Grabbing a rag, she swatted at her hands, to no avail. They refused to come clean. Looking down at her clothes, she realized that in her haste she’d forgotten to put on her apron and her white blouse was virtually ruined. Red paint stripes swathed across her chest.
“Hell, it’s all over me!”
She swiped at her blouse with the rag but only seemed to transfer what was on the rag onto her clothes. There was no getting rid of this damnable color. Next time she’d have to paint a white rose.
It was bad enough trying to paint by lamplight, but the urge had struck her so violently she simply had to come into her studio to paint. Usually by this time of evening, right after supper as the sun set, she was lolling in her comfy bed in the other room, marveling at the spectacle she could see out her big windows. Being on the second floor of Cottage 23 and on a corner with two full walls of long windows, on clear nights she could see the moon rise in the east and a sky full of stars in the dark of night. In the morning when the wake-up whistle blew at seven o’clock, she’d open her eyes to the dawn, the level of the sun depending on the time of year. The scene looked different every day. She’d had them place her bed right in the center of the room to take full advantage of the view.
She could also see the tops of trees, which offered up all kinds of entertainment, including birds building their nests, spring-born hatchlings chirping away, and squirrels chasing each other in circles. Every now and then there was a bird ruckus where mother and father bird would have to holler and peck at predator birds who tried to get to their young. The noisy parents usually attracted help from other birds of their kind and the combined army usually won. Once in a while, though, a baby bird would disappear long before it could fly on its own.
If she walked right up to a window, she could look down at bushes and flowers planted alongside the cottage, like the lilacs and irises in bloom this time of year. When she opened the windows, like now, different smells filtered into her room, depending on the season and what was in bloom. It was one of the things Elizabeth loved most about her rooms here.
She’d painted many a scene, birds, squirrels, trees, flowers, clouds, sunrise, su
nset, and the night sky, right from these windows.
But tonight was troublesome. Her painting had gone awry. She was filthy dirty with red paint all over her. She couldn’t seem to do anything right.
Sweeping a loose lock of hair out of her eyes, she realized she’d just wiped paint onto her face.
“Good God!

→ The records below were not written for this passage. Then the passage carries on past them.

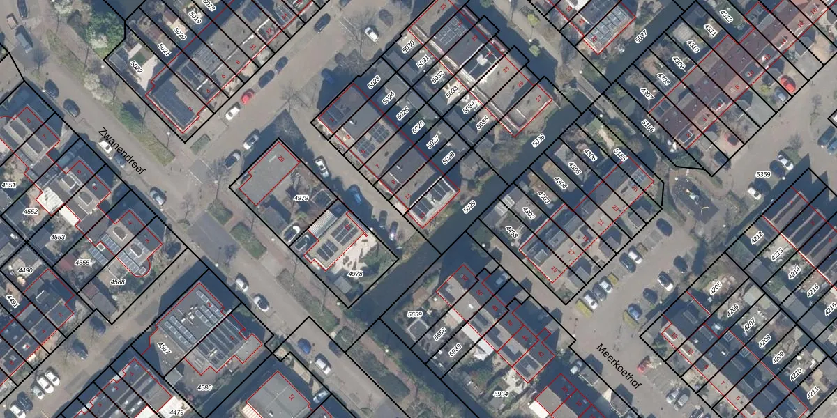 Gebruik de zoekbalk of klik op een perceel voor informatie over de adressen binnen dit perceel.
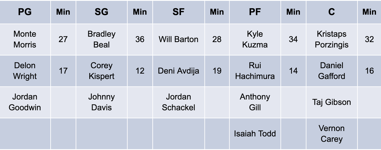 Lost: Thomas Bryant, Kentavious Caldwell-Pope, Raul Neto, Tomas Satoransky, Ish Smith, Cassius Winston
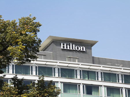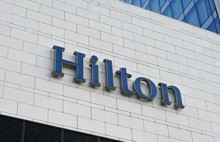 PRAGUE, CZECH REPUBLIC - MARCH 31: Hilton hotels and resorts logo on the building of Hilton Prague hotel on March 31, 2016 in Prague, Czech republic.
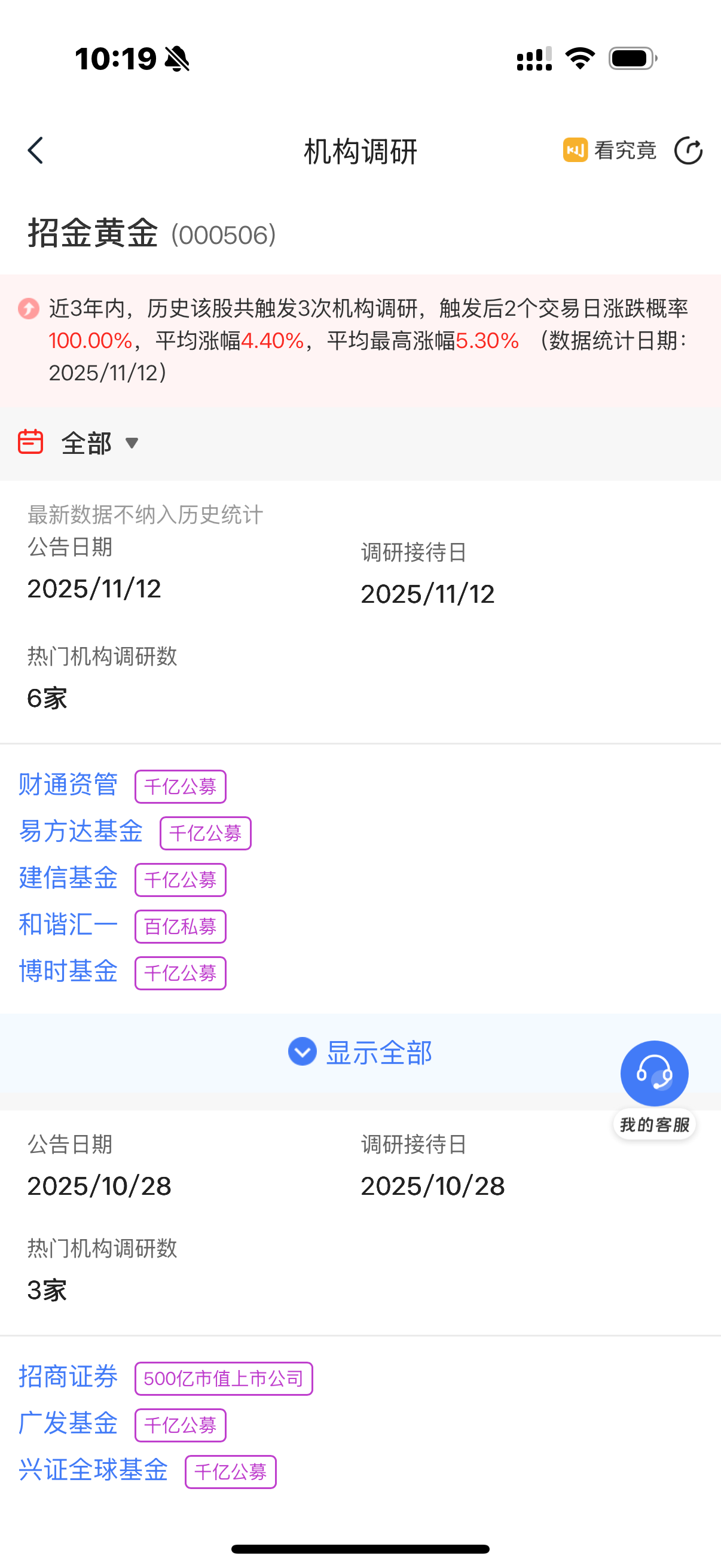 招金黄金昨天接受易方达基金,建信基金等机构进行调研,这票历史接受调研后,2个交易
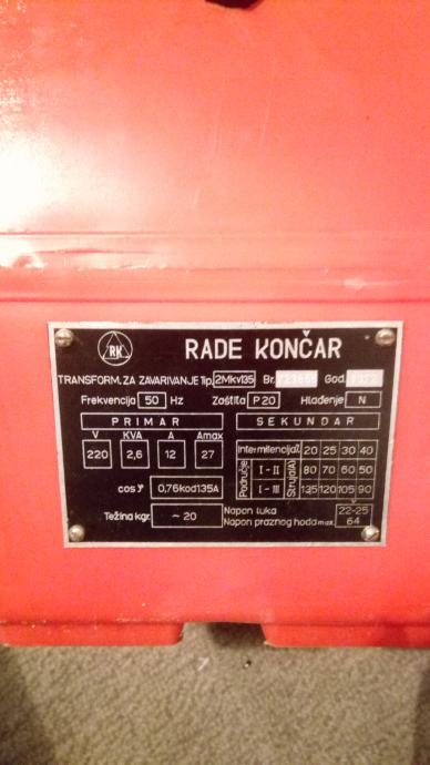 Elektro aparat za varenje KONČAR 2MKV135, monofazni , potpuno novi nikada korišten, ali nema kablove i kliješta za elektrodu.Napajanje 220 V, 12 -27 A, struja sekundara 50 do 135 A.
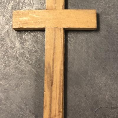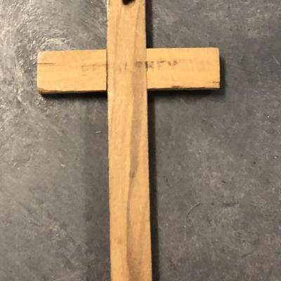 A wooden cross with illegible black printing going across the upper area with a small hole drilled into the top portion of the cross. The hole does not pierce through the back suggesting that a semi-precious stone may have been placed within.
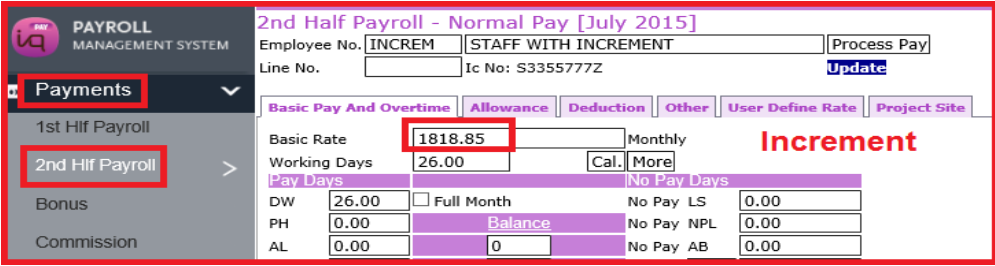 1) Staff – June salary $1750 > Increment $68.85 on 1/7/2015
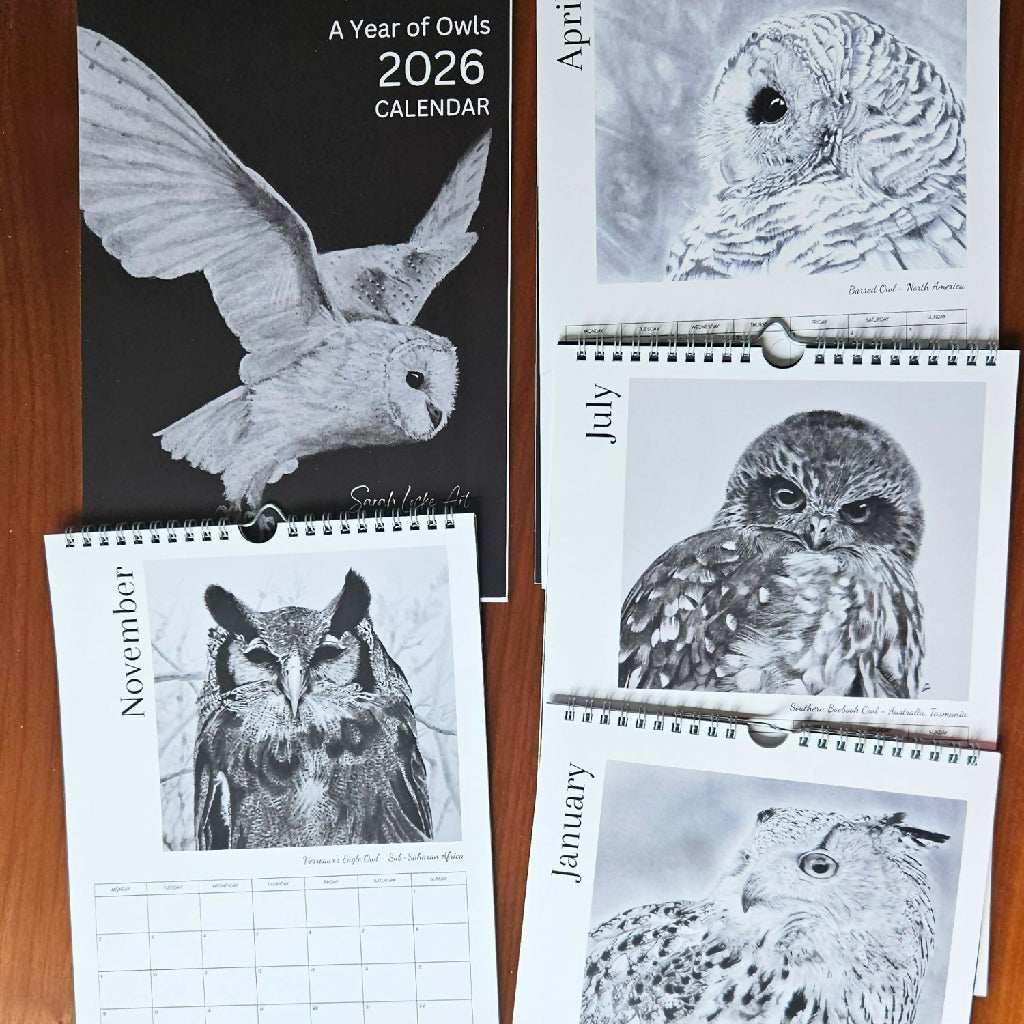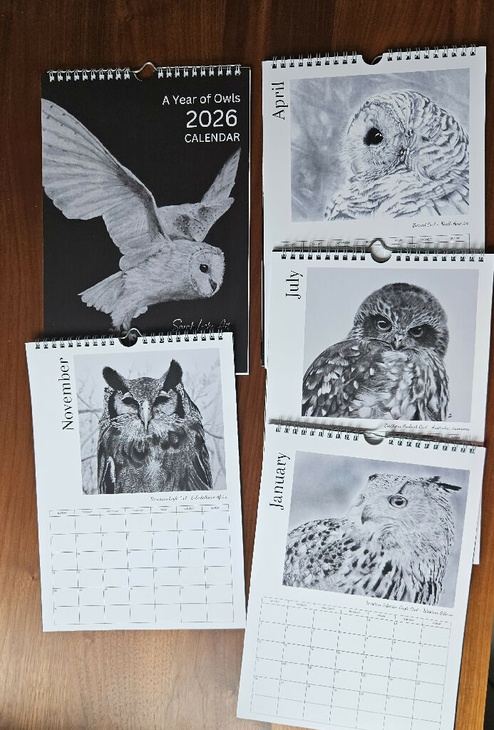 A collection of 12 owl drawings made into a calendar, all drawn from my own observations of owls, not copied from stock photos. Each month brings a touch of nature into your ev...

Will there be no end to this?”
She tried a clean rag. This time red paint came off on the cloth and she felt like she was finally getting somewhere.
Out of nowhere, a sound echoed from the other room. She stopped wiping herself down and stepped into her main room to listen. It came again. A knock at the door.

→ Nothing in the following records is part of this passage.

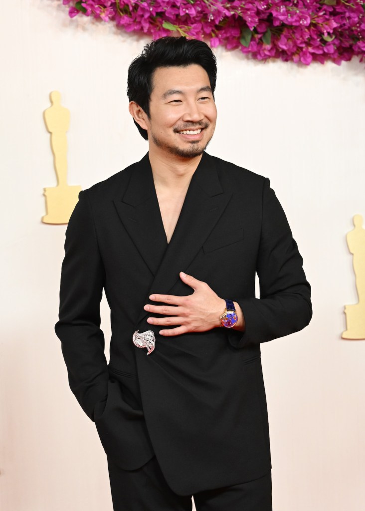 Left: Simu Liu wearing Jacob & Co’s The World is Yours Dual Time Zone timepiece at the 96th Annual Academy Awards in Hollywood, California, Photo Getty Images, courtesy Jacob & Co. Handout via The Gourmet Gazette. Right: Jacob & Co’s The World is Yours Dual Time Zone timepiece. Photo courtesy Jacob & Co. Handout via The Gourmet Gazette
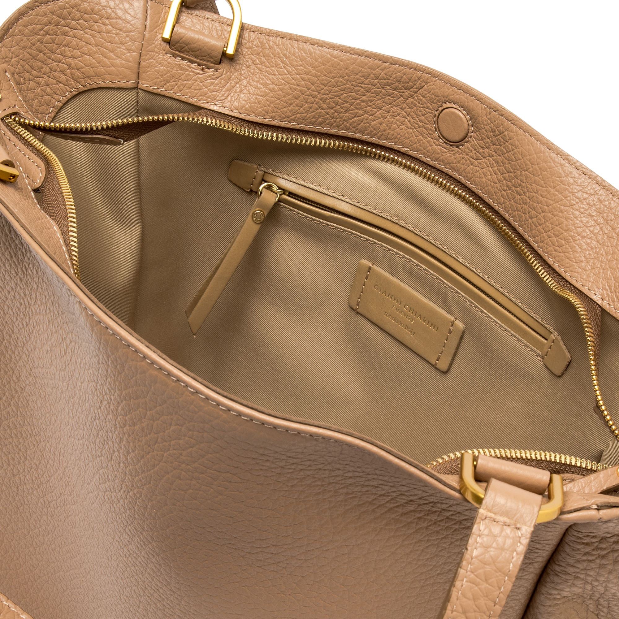 Cecile by Gianni Chiarini Firenze si distingue per il suo design minimalista e le linee essenziali. Realizzata in pelle grana maxi, presenta una silhouette a cartella, perfetta per donne dinamiche che desiderano combinare funzionalità e stile. È dotata di due manici in pelle per una portabilità handle. L’interno ampio include un scomparto principale e una chiusura superiore con patta e bottone magnetico. Dimensioni: 35x30x15 cm.
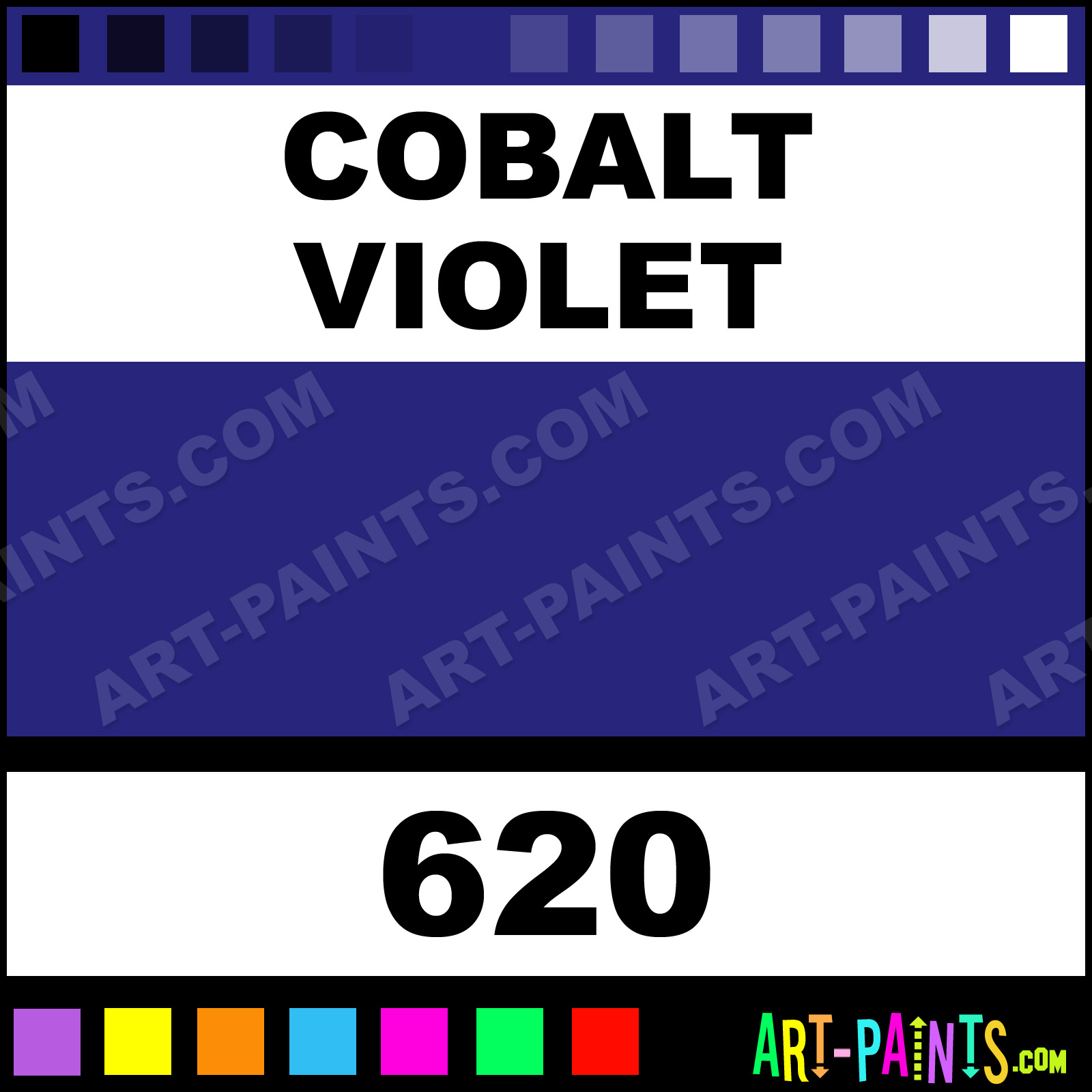This beautiful Neoart Pastel shade is called Cobalt Violet, and comes from a company called Caran Dache. Their product number, along with the HTML color code, RGB, and CMYK codes are listed below. This Beautiful Shade of Cobalt Violet and others can be found in the Caran Dache Neoart Art Paint Gallery! Also be sure to browse through the other wonderful Professional Color Galleries to see more of Caran Dache Neoart Pastel Brand Paints and other Paint Manufacturers. And as always, Paint Paint Paint! -Art-Paints.com

“Who in hell would be here at this time of night?” She tossed the rag aside and headed for the door.
“Oh, Jesus Jenny!” she swore when she tripped. “That damned lump is still there. Somebody needs to come and take that away.”
Stepping gingerly over the large heap in the middle of the floor, she straightened her back and opened the door.
A deputy sheriff, young and good looking, and the sheriff, old and ugly as sin, stood there in spiffy uniforms.
“Hello, gentlemen. What can I do for you?” She patted the side of her head to fluff her hair.
She’d only opened the door halfway and stood in the way so they couldn’t see into her room. Upon further inspection, she could see her cottage supervisor standing behind them, a normally ebullient woman now solemn-faced as a cadaver. And the night nurse in her white uniform who did final rounds after supper, and who had in fact been here not long before, stood by the supervisor, crying with a white handkerchief to her mouth.
What a crazy gang of people, Elizabeth thought. Somebody needs to commit them to this place.